Let $\mathfrak{g}$ be a semisimple lie algebra. Let $\alpha_1,.., \alpha_n$ form a simple root system, and let the corresponding system of fundamental weights be $\lambda_1,..,\lambda_n$. I have been told that $\frac{1}{2} \sum_{\alpha \in \Delta^+} \alpha = \lambda_1 + … + \lambda_n$.
However, I have difficulty in seeing why this can be true.

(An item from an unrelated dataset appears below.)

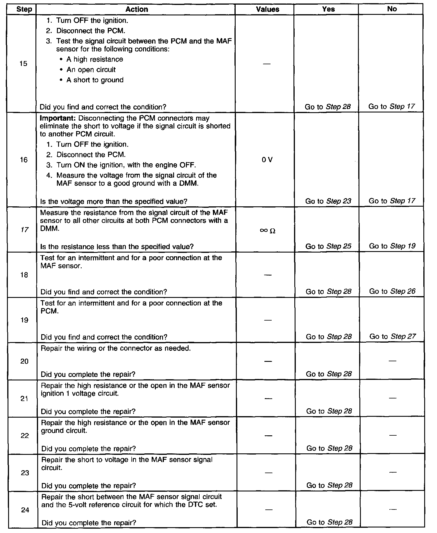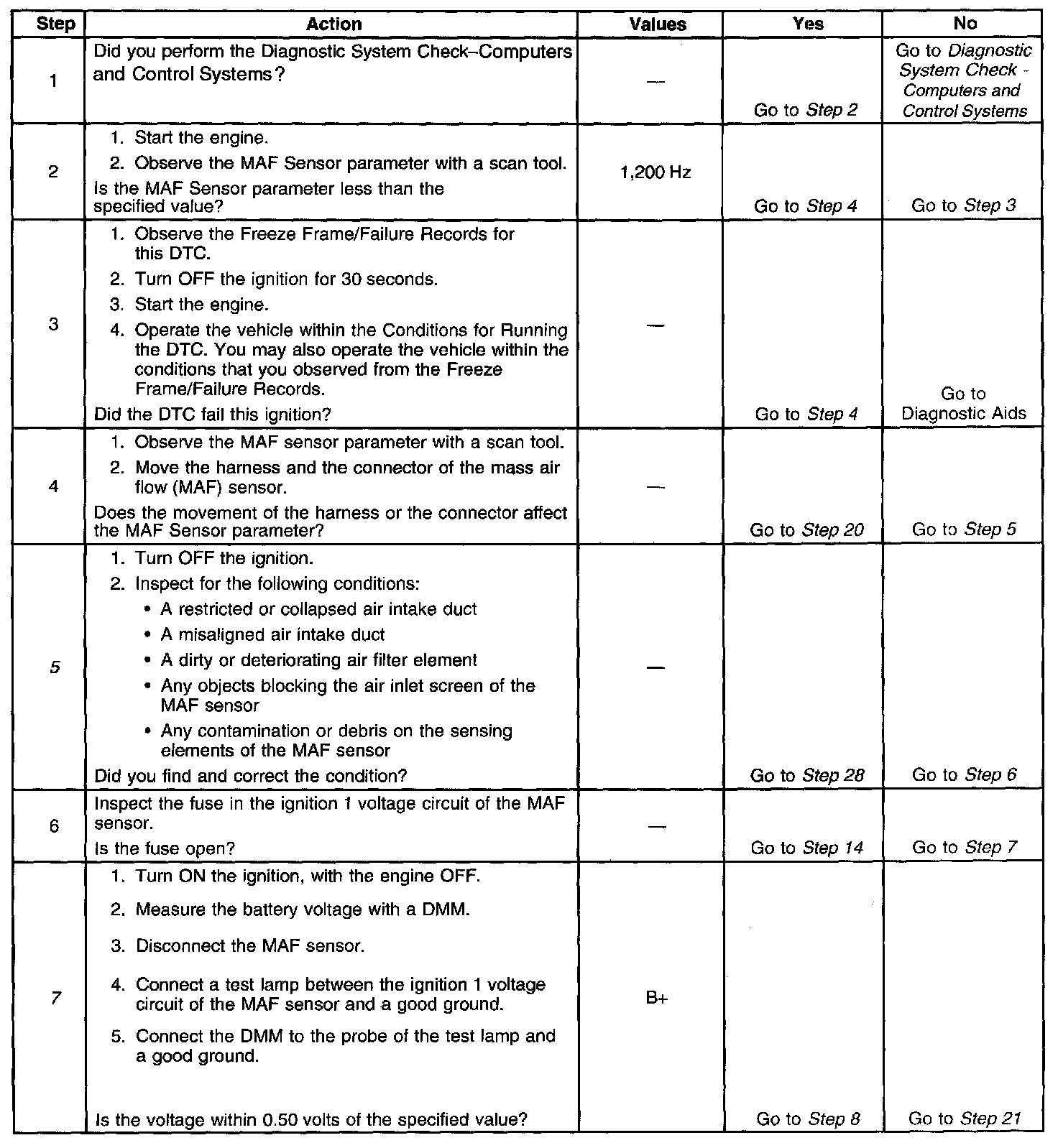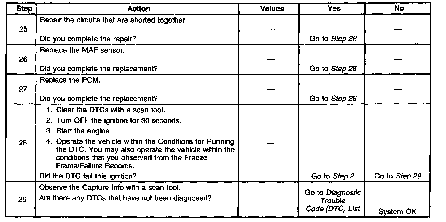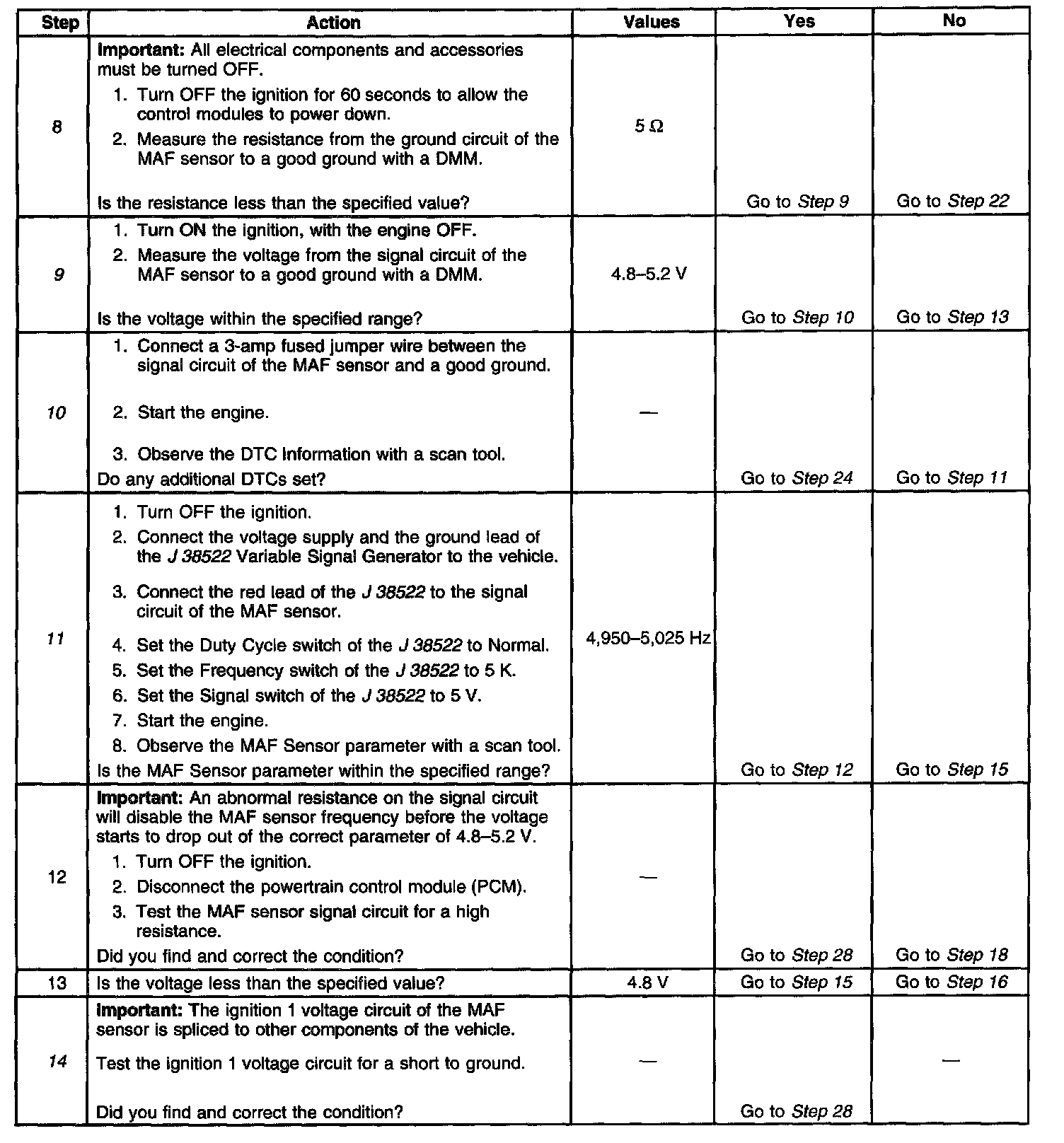 10. This step tests the signal circuit of the MAF sensor for a short to another 5-volt reference circuit.

For example, in the sl(3) case, the positive roots are $e_1 – e_2, e_2 – e_3, e_1 – e_3$, where $e_i \in \mathfrak{h}^*$ is the functional which pulls out the $i$'th diagonal element. $\frac{1}{2} \sum_{\alpha \in \Delta^+} \alpha = e_1 – e_3$. However, in this case, if we take the simple root system $\alpha_1 = e_1 – e_2, \alpha_2 = e_2 – e_3$, then $\lambda_i = e_1 + .. + e_i$, and so $\lambda_1 + \lambda_2 = 2e_1 + e_2$. Where does my reasoning go wrong in the sl(3) case?
And why is it true that the sum of fundamental weights is equal to half the sum of positive roots?
Best Answer
Nothing is wrong with your reasoning for sl(3). Remember that in sl(3), there is the additional relation $e_1 + e_2 + e_3 = 0$, because the trace of a matrix in sl(3) is 0. So $e_1 - e_3 = 2e_1 + e_2$.